In an effort to better understand which food loss and food waste (FLW) interventions have been and are currently taking place, and their existing impacts, the CHORIZO project has identified 395 actions (interventions) that address FLW across the European Union (EU) member states.

Key characteristics:

  • In terms of geographical coverage, the interventions take place in all EU-27 member states, as well as the United Kingdom and Norway. They range from actions that are being implemented at the international, EU, national, regional, and municipal level.
  • Although the interventions cover all stages of the supply chain from primary production to end-user consumption, the most dominant one with 84 interventions is redistribution, where the primary objective is to redistribute surplus food fit for human consumption.
  • Approximately half of the interventions (196) are “prevention” actions, when classified in accordance with the food waste hierarchy pyramid. This aligns with European Commission efforts to first and foremost prevent food waste so that it does not take place. It indicates that the dominant approach is pro-active, with measures being put in place to avoid a particular situation (in this case food waste) from occurring, rather than a reactive approach of trying to find the best possible solution afterwards.
  • Technology and innovation play a prominent role, with 100 of the interventions linked to technology. This is most common in the processing and manufacturing supply chain stage, which includes valorisation initiatives, but also notable in the retail and redistribution sectors via apps, on-line platforms, and software.
  • In addition to the environmental benefits incurred (lowering of greenhouse gas emissions for example), when the amount of food waste was lowered, the socio-economic impacts were positive – including but not limited to, the creation of jobs, skills, increasing awareness about food waste, enhancing community cohesiveness, and providing food to those most in need.
  • Two main areas which necessitate more attention in the future during the development stage of interventions: establishing a baseline and monitoring system with indicators to measure an action’s progress over time, and incorporating a gender perspective.
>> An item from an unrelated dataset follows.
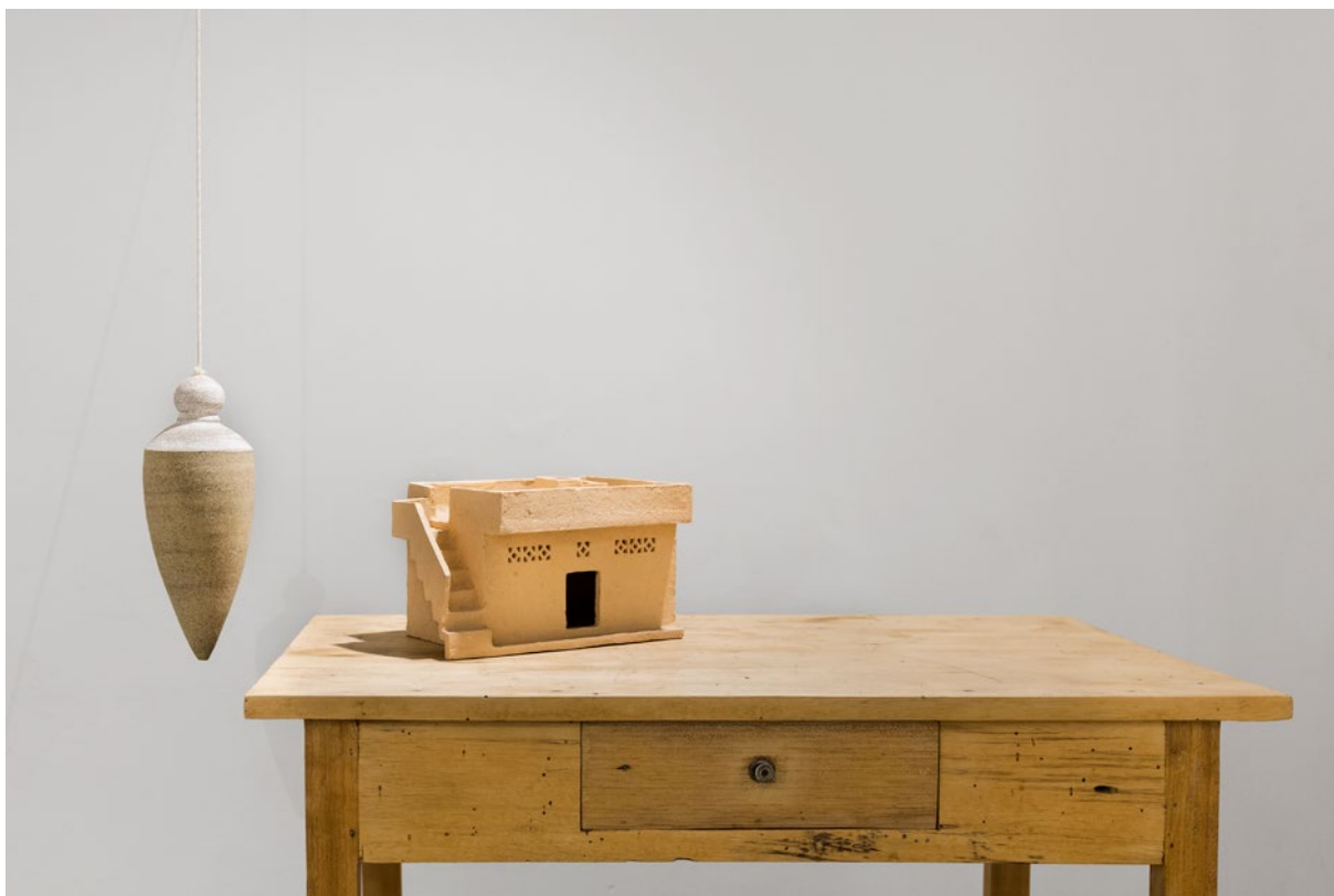
Fig. 2. Detalle de la muestra.

Looking towards the future:

The results of this research serve to provide a broad overview of what interventions are currently addressing food waste across the EU, and where possible, to expand upon how and to what extent food waste is being addressed. Within the Chorizo project, the data will be utilised to inform work in subsequent work packages, such as the modelling efforts, and the datasets about the interventions will be made available in the project’s datahub. This is data that can be built upon as more knowledge about current interventions is accumulated over time, as well as supply information which can be actively utilized during the planning and implementation of new interventions to address food waste and related public policy.